Could you give the listing again exactly, without its pictures?

- Given information -
-*-*-

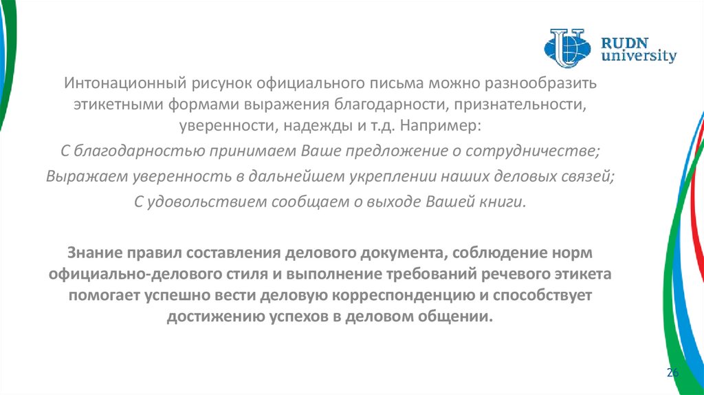 Интонационный рисунок официального письма можно разнообразитьэтикетными формами выражения благодарности, признательности,
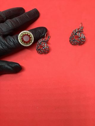 Completo vintage anello e orecchini pietre rosse
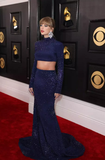 H Taylor Swift με Roberto Cavalli sequin σύνολο με crop top και maxi φούστα.

-*-*-

- Answer box -
 Интонационный рисунок официального письма можно разнообразитьэтикетными формами выражения благодарности, признательности,
 Completo vintage anello e orecchini pietre rosse
 H Taylor Swift με Roberto Cavalli sequin σύνολο με crop top και maxi φούστα.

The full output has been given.